■ **Supplied records**:
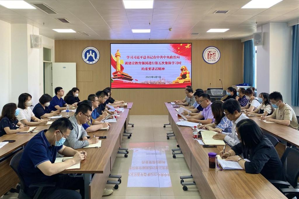 6月1日,永利yl23411集团在逸夫楼410教室传达学习习近平总书记在中共中央政治局第五次集体学习时的重要讲话精神,围绕“教育强国”主题研究部署学习宣传和贯彻落实工作并作交流发言。
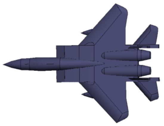 The top and side views of the aircraft are shown in Figure 17 and Figure 18. The size of the aircraft is 4.0 m × 3.5 m × 0.92 m. The unknown number is 677,408. The incident angle is and the azimuth angle is . The look angle of the radar varies from to around the center angle . The polarization is horizontal. The number of iterations for GPU-TD-LIPO is one.
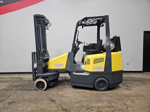 The Aisle-Master 44NG is designed with versatility and efficiency in mind. It features an articulated design, allowing it to navigate narrow aisles and tight spaces with ease. This model comes with a four-wheel configuration, enhancing stability and maneuverability. Powered by LP gas, it provides a robust solution for both indoor and outdoor applications while minimizing emissions. The sit-down operator design offers comfort for long hours of use, making it ideal for warehouses and distribution centers.
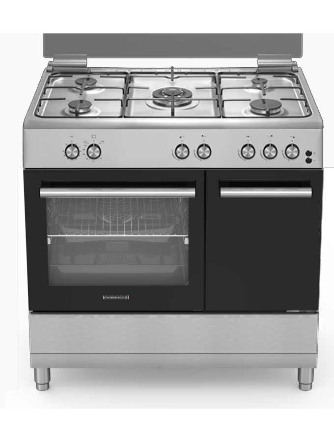 You're viewing: Campomatic 90cm Cooker with Bottle Compartment, 2 knobs, Gas-Gas, 4G + 1TB, Glass Cover with Full Aluminium Front Profile, Timer, Flat Matt Enamelled Pan Support, ignition, Slide out inner door, Full Body SS
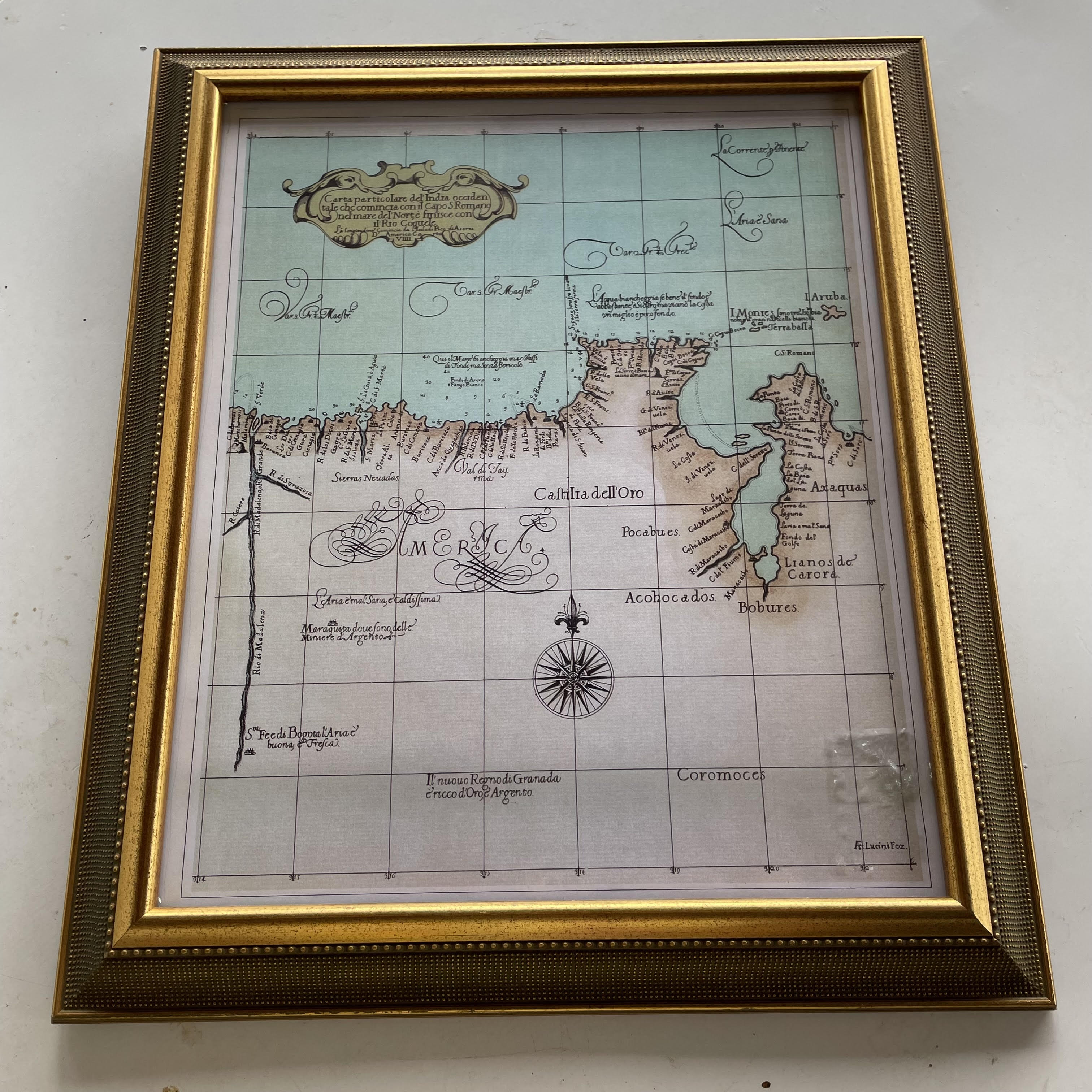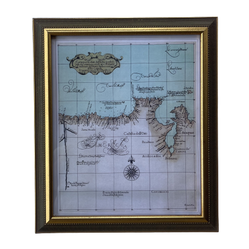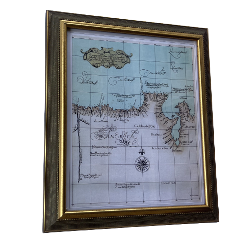 La lámina del mapa se encuentra en buen estado enmarcada en moldura de poliuretano y vidrio.
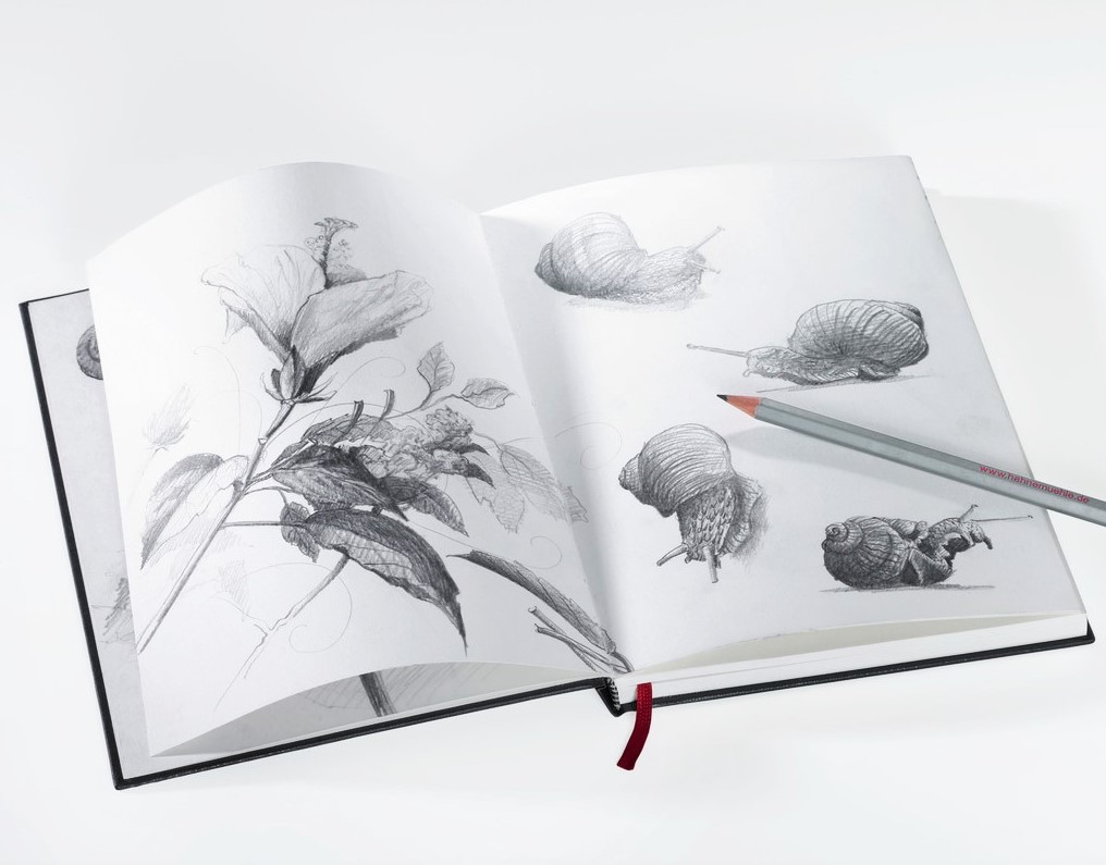 Papirets overgiver gør at skitsebogen både kan anvendes til en arkitekts fine tegningerr, samt til mere hurtig og farverig tegning.
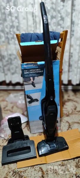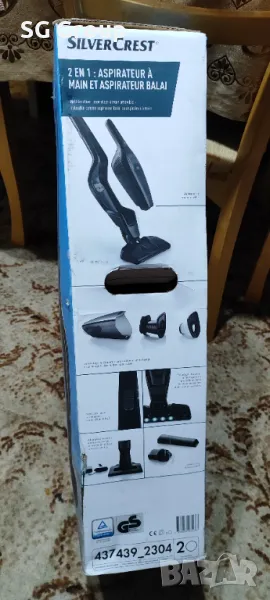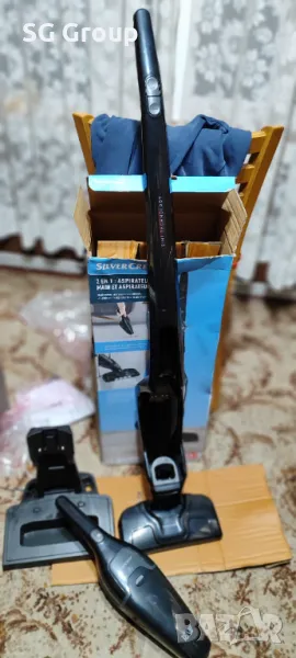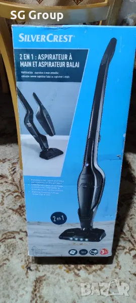 Акумулаторна прахосмукачка Silver crest.Работи без кабел ,вградено осветление в основата.Възможнот за отделяне и ползване като малка прахосмукачка,за кола и др.
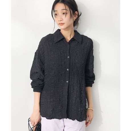 ・ポップコーンのように表面がぽこぽこっと膨らんだ、立体的な生地を使用したシャツです。

■ **What is expected**: The lines from the one containing "Papirets overgiver gør" to the end of the material must be output exactly, both ends included; no picture may appear.

■ **Your response**:
 Papirets overgiver gør at skitsebogen både kan anvendes til en arkitekts fine tegningerr, samt til mere hurtig og farverig tegning.
 Акумулаторна прахосмукачка Silver crest.Работи без кабел ,вградено осветление в основата.Възможнот за отделяне и ползване като малка прахосмукачка,за кола и др.
 ・ポップコーンのように表面がぽこぽこっと膨らんだ、立体的な生地を使用したシャツです。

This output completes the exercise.